Mr Loy, who is also a lecturer in the department of management science and engineering at Stanford University, said that the UAE’s new bankruptcy law, due to come into effect next month, will be crucial for encouraging start-up culture in the country and attracting venture capital firms.

“Historically a lot of businesses that have come here, as well as other markets such as China, have come via offshore vehicles,” he said.

“That’s fine in the early days, but you can’t build a sustain­able economic ecosystem when much of the money, capital and legal infrastructure is somewhere else.”

“The new law is an important building block that’s going to encourage businesses and investors to come onshore and commit to the market for a longer period, which is particularly crucial for venture capital investors.”

Mr Loy spoke to The National ahead of a keynote address at Boostmena, a tech innovation and venture capital event in Dubai, organised by local venture capital firm Beco Capital.
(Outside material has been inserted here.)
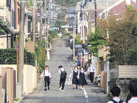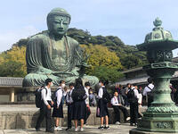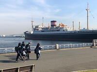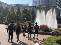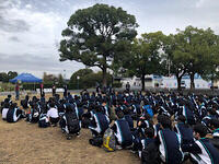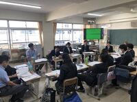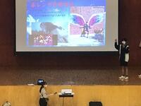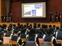 1学年が体育館で横浜校外学習の振り返りを行っていました。各グループがパワーポイントでまとめたものをクラスで発表し、クラスで選ばれたグループが全学年の前で発表しました。

He urged local venture capitalists to build a venture capitalist ecosystem that fully embraces the dynamics of the Middle East, and to not just copy models used elsewhere.

“No successful venture capital and start-up ecosystem is built by directly copying the Silicon Valley model,” he said.

“They’re built on the assets and the dynamics in play in their own region with inspiration from Silicon Valley, but not trying to adopt it wholesale. If you just try to move it from one place to another, you lose all the assumptions on which the equations were derived.”

Middle Eastern start-ups face a series of challenges in their attempts to attract venture capital from outside, said Mr Loy, including perceived geopolitical unrest and relatively low visibility internationally compared with other start-up enclaves.

Nonetheless, the region holds several attractions for international venture capitalists, not least a large digitally savvy youth population.

“In the Middle East you have a fairly sizeable population base that has a fairly consistent cultural linguistic commonality across the region,” he said.

“People underestimate how important that is. In the EU, for example, there’s often difficulties for start-ups moving from one country to the next because of significant cultural and linguistic differences.”